- _Dataset section_
╔══

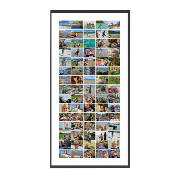 Vytvořte si fotokoláž ze 75 fotek na šířku o rozměru fotografie 50×100 cm. Vytiskneme ji na profesionální matný fotopapír o gramáži 240g. Vytvoříme vám i kompletní fotoobraz, když fotografii umístíme do obrazového rámu pod antireflexní plexi, které výrazně snižuje odlesky v místnosti. Vše si upravíte v konfigurátoru.
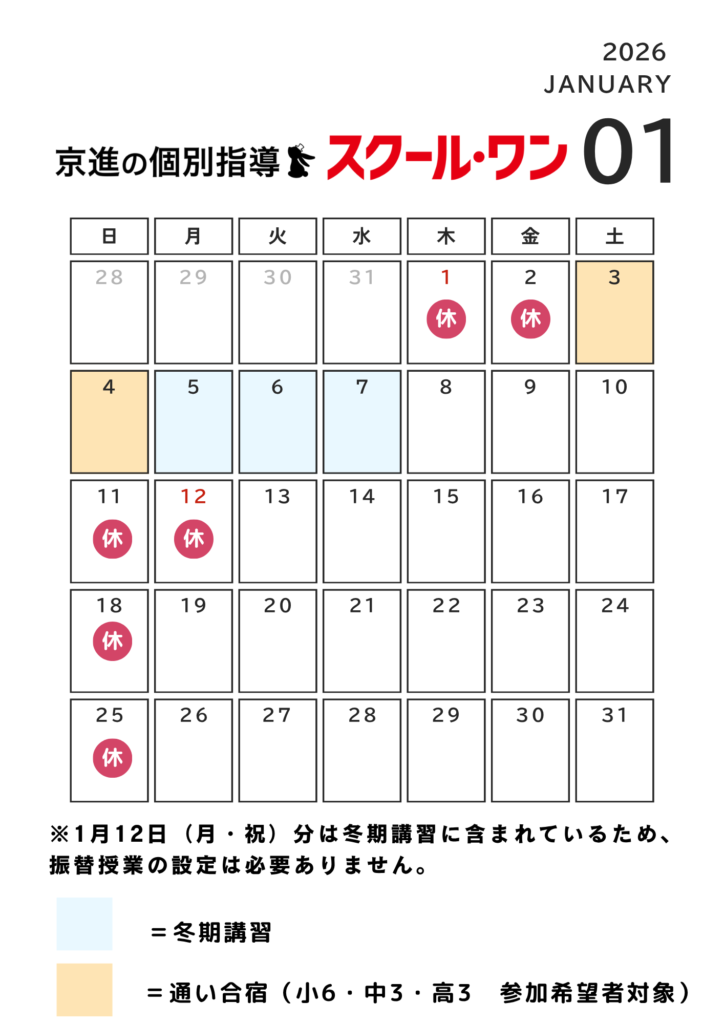 A.冬期講習期間もご都合に合わせて授業の振替が可能です。但し、お休みされる際は必ず授業開始時刻前にご連絡をお願いしております。
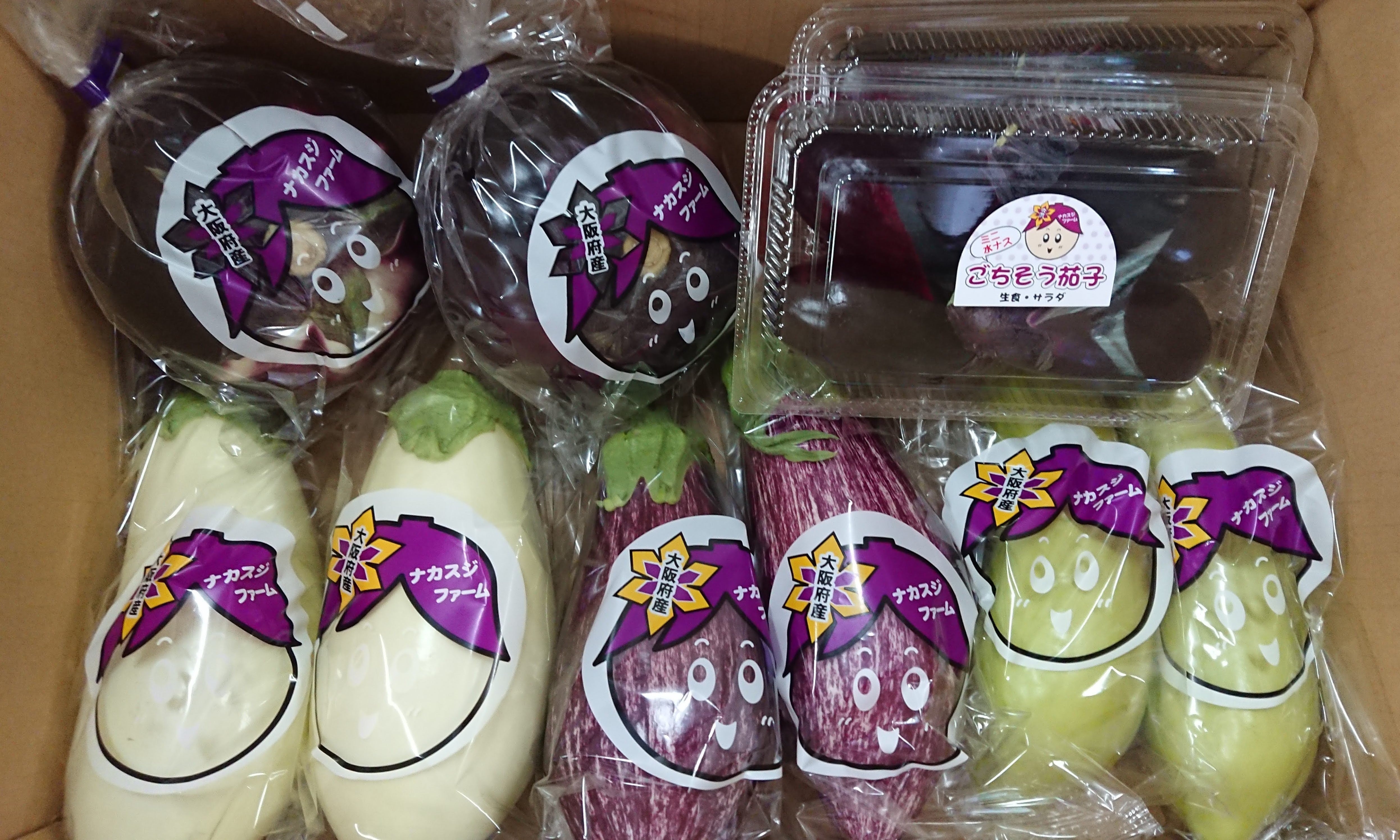 大阪ナス「千両」・白ナス「揚げてトルコ」・緑ナス「ますみ」・長緑ナス「長緑」・大長ナス「ふわとろ」・生食ナス「ごちそう」・丸ナス「京まんじゅう」・米ナス「くろすけ」・ゼブラナス「縞むらさき」・水ナスから状態の良いものを5種類程度詰め合わせします。

╚══

- _Exercise brief_
Reproduce, exactly and without pictures, the lines above from the one containing "A.冬期講習期間もご都合に合" through the last line of the material, both ends included, and nothing more.

- _Your response_
 A.冬期講習期間もご都合に合わせて授業の振替が可能です。但し、お休みされる際は必ず授業開始時刻前にご連絡をお願いしております。
 大阪ナス「千両」・白ナス「揚げてトルコ」・緑ナス「ますみ」・長緑ナス「長緑」・大長ナス「ふわとろ」・生食ナス「ごちそう」・丸ナス「京まんじゅう」・米ナス「くろすけ」・ゼブラナス「縞むらさき」・水ナスから状態の良いものを5種類程度詰め合わせします。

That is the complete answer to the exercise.